▶ **What the exercise asks**: Please output the listing below character for character and omit the images.
:: Information shown
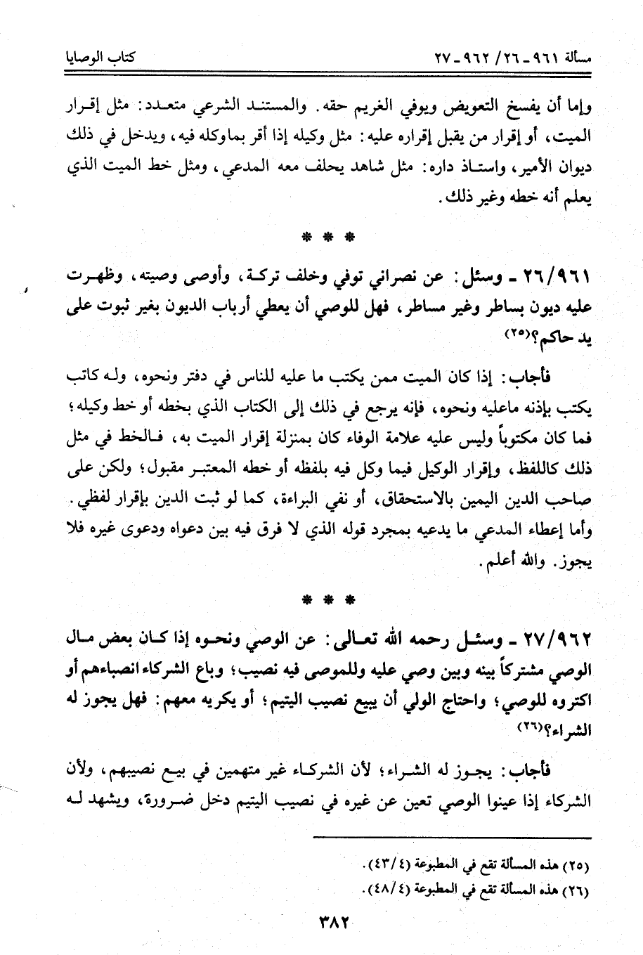 961 - 26 وَسُئِلَ: عَنْ نَصْرَانِيٍّ تُوُفِّيَ وَخَلَفَ تَرِكَةً، وَأَوْصَى وَصِيَّتَهُ، وَظَهَرَتْ عَلَيْهِ دُيُونٌ بِسَاطِرِ وَغَيْرِ مَسَاطِر، فَهَلْ لِلْوَصِيِّ أَنْ يُعْطِيَ أَرْبَابَ الدُّيُونِ بِغَيْرِ ثُبُوتٍ عَلَى يَدِ حَاكِمٍ؟
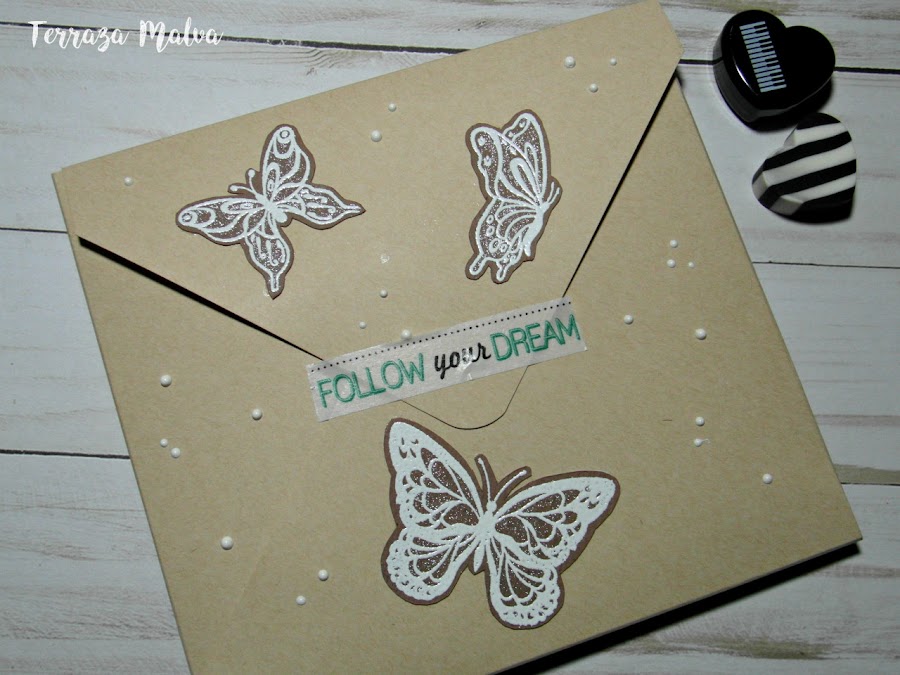 He tenido que hacer un sobre 3D para poder poner esta tarjeta tan gordita. Lo he decorado con unas mariposas embosadas en blanco (y más Nuvo drops...jejejeje).
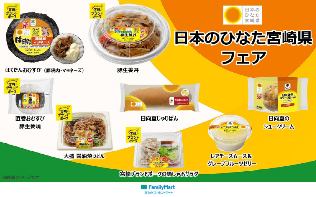 株式会社南九州ファミリーマート(本社:鹿児島県鹿児島市、代表取締役社長:飯塚隆)は、宮崎県産食材を使用した中食メニュー合計8種類を揃えた「日本のひなた宮崎県フェア」を、10月7日(火)から11月3日(月)までの約4週間、宮崎県・鹿児島県のファミリーマート392店舗にて期間限定で開催いたします。
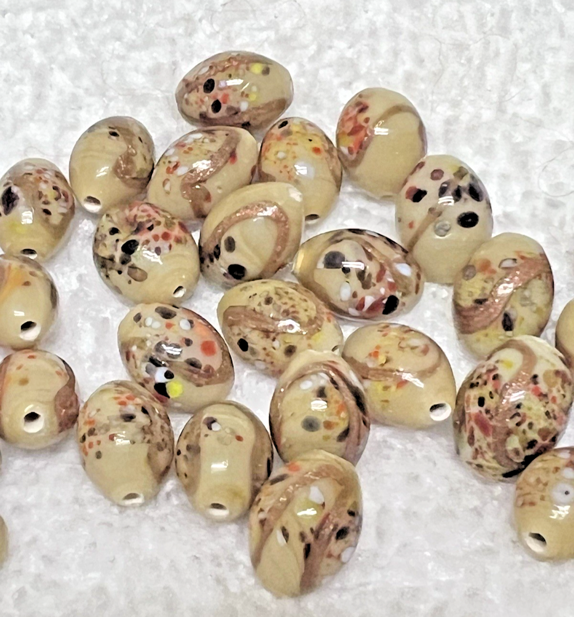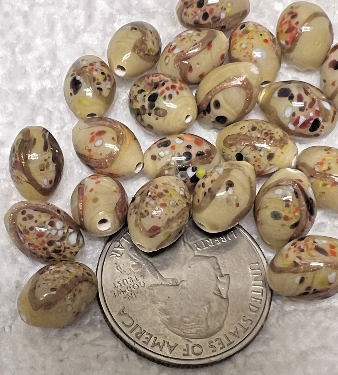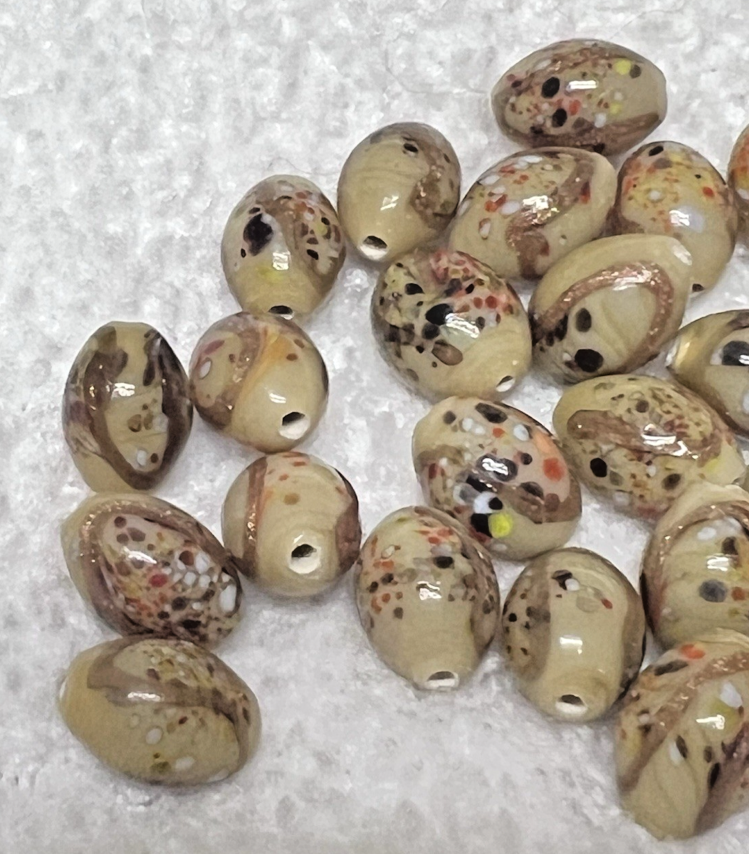 30 Vintage Art Glass Beads Dark Cream Colorful Speckled Ovals 1/2" Long
::::
▶ **Response area**:
 961 - 26 وَسُئِلَ: عَنْ نَصْرَانِيٍّ تُوُفِّيَ وَخَلَفَ تَرِكَةً، وَأَوْصَى وَصِيَّتَهُ، وَظَهَرَتْ عَلَيْهِ دُيُونٌ بِسَاطِرِ وَغَيْرِ مَسَاطِر، فَهَلْ لِلْوَصِيِّ أَنْ يُعْطِيَ أَرْبَابَ الدُّيُونِ بِغَيْرِ ثُبُوتٍ عَلَى يَدِ حَاكِمٍ؟
 He tenido que hacer un sobre 3D para poder poner esta tarjeta tan gordita. Lo he decorado con unas mariposas embosadas en blanco (y más Nuvo drops...jejejeje).
 株式会社南九州ファミリーマート(本社:鹿児島県鹿児島市、代表取締役社長:飯塚隆)は、宮崎県産食材を使用した中食メニュー合計8種類を揃えた「日本のひなた宮崎県フェア」を、10月7日(火)から11月3日(月)までの約4週間、宮崎県・鹿児島県のファミリーマート392店舗にて期間限定で開催いたします。
 30 Vintage Art Glass Beads Dark Cream Colorful Speckled Ovals 1/2" Long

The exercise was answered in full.